The Mindfulness-based Health and Social Care (MBHSC) group programme is a unique mindfulness-based programme which focusses on improving the self-care and practice of health and social care professionals. MBHSC is a theory and evidence-informed programme which focusses on reducing stress, emotional exhaustion, depersonalisation of service users/patients, improving well-being and a range of practice skills and competencies. 

MBHSC will be delivered over a 6-week period from Tuesday 29th October. Single weekly sessions will be 1.5 hours in duration from 6 -7.30pm each week on

  • 29th October
  • 5th November 
  • 12th November
  • 19th November
  • 26th November
  • 3rd December   

Weekly sessions will be facilitated online on MSTeams by Dr. Alan Maddock. Dr. Maddock is a professionally qualified social worker who specialised in mental health social work, and is currently a Lecturer in Psychology. Dr. Maddock developed the MBHSC programme, is a trained mindfulness facilitator, and has over 10 years mindfulness meditation experience.

 

 

Programme Structure

Each session will adhere to a standardised protocol and will cover health and social care practice exercises and topics which were examined within the context of mindfulness.

The course structure will consist of:

Week 1: Introduction to mindfulness: theory and practice.

Week 2: Mindfulness for health and social care practice: Stress, the thinking process, avoidant coping, and decentering.

Week 3: Approach coping: Attachment, aversion, negative thinking, and approach coping.

Week 4: Acceptance – the thinking process, approach coping, and staying present with service users/patients.

Week 5: Self-Compassion – the thinking process, approach coping, and staying present with service users/patients.

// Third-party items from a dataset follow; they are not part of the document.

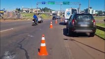 Motociclista sofre queda para evitar colisão contra Fusca no Trevo da Portal; Veja o vídeo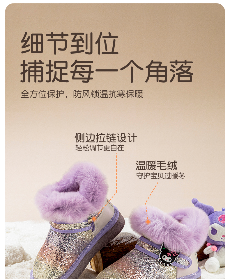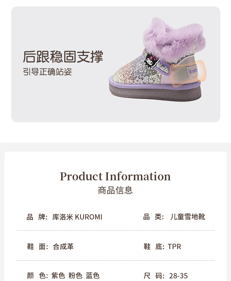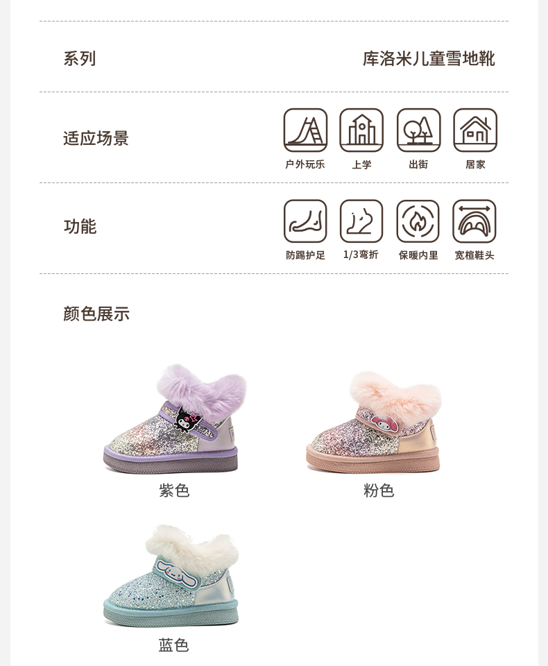 hellokitty童鞋冬季库洛米儿童雪地靴28-35码 KU5546953
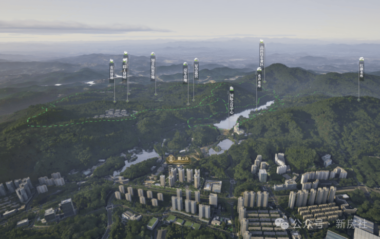 长岭居被定位为广州东部山水新城生态宜居示范区。板块更是以“绿色、低碳、智慧”为理念,构建了一座集高端居住、研发总部、疗养度假、生态休闲、先进制造五大功能于一体的未来之城。很多人提到长岭居,第一印象都是宜居。事实也是如此,在长岭居34.9平方公里的规划建设用地中,约20平方公里被划为法定自然保护区,真正实现了“半山半城”的理想格局。这种富氧山水休闲区,也是广州难以复制的资源。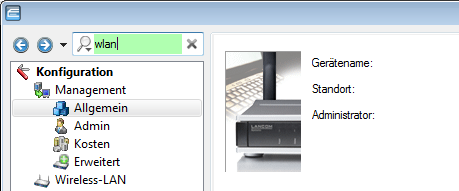 Der Konfigurationsbaum im linken Bereich von LANconfig ist nun reduziert auf alle Bereiche an, in denen der Suchbegriff enthalten ist: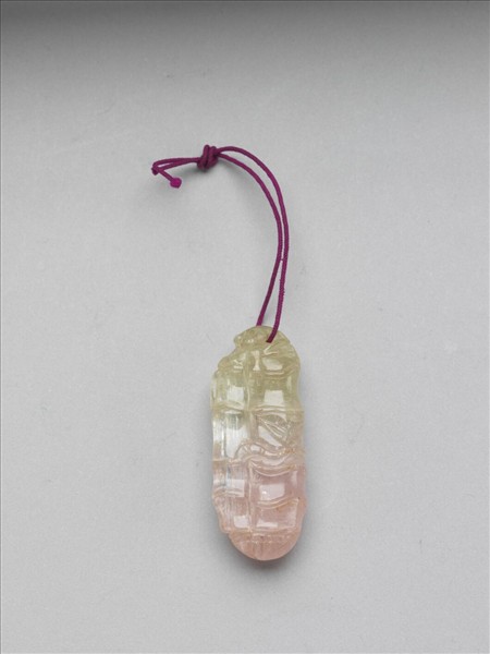 碧璽墜一塊,器身約呈圓柱狀,作竹形,雕出竹葉、竹節與根莖。碧璽帶粉紅、白、黃三色,呈半透明,可見礦石內部天然結晶紋理。黃色一端有穿孔,繫桃紅色絲繩。
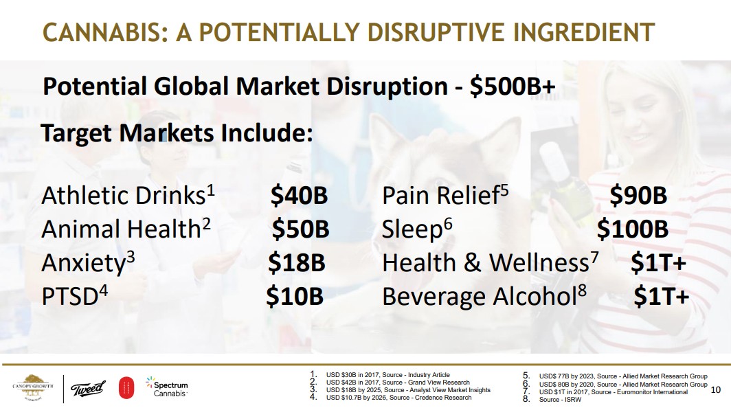 CANOPY GROWTH根據(jù)Allied Market Research Group等調研機構按照不同用途做了一組測算,未來該行業(yè)的將會滲透全球至少5000億美元的市場: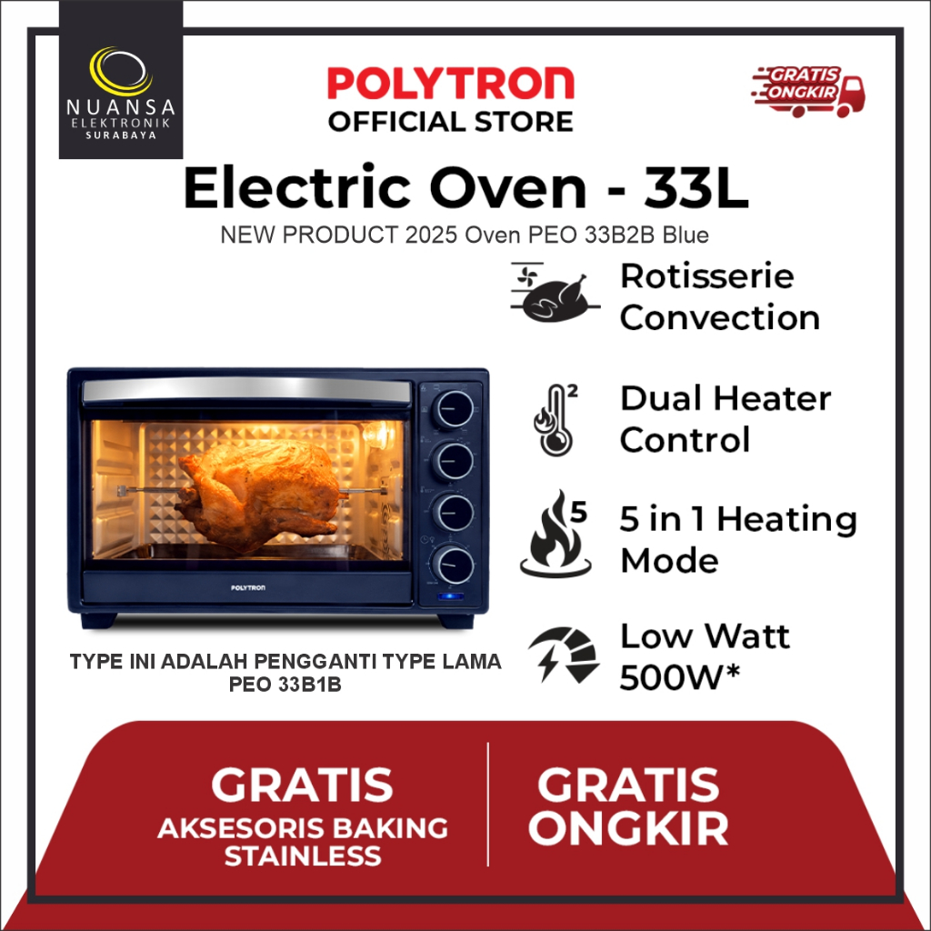POLYTRON Oven Listrik PEO 33B2B 33B2W / PEO-33B2B PEO-33B2W Kitchenmate 33 Liter Pengganti 33B1B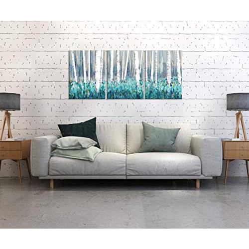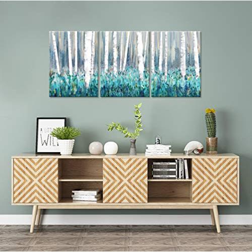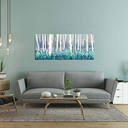 ZingArts キャンバスウォールアート ホワイト ブルー 樺の森 自然 植物 緑の木 風景 絵 抽象画 アートワーク 額入り ホーム 並行輸入

Week 6: Embedding mindfulness in our everyday lives and practice.

 

Each session will introduce different mindfulness-based practices (e.g. mindful body scanning, mindful yoga) and psychoeducation on the potential role that mindfulness could play in our self-care, and professional practice. Participants will be provided with psychoeducation on practical ways in which to apply the experiential learning attained from these practices when confronted with stressful personal and/or practice situations. The development of mindfulness is predicated upon regular and repeated practice, thus participants will be requested to engage in daily mindfulness-based homework exercises for 20 minutes per day, for 6 out of the 7 days, between sessions.  Each session will include practice role plays and discussion. This will allow participants to have an opportunity to apply their evolving experiential learning to a practice case context.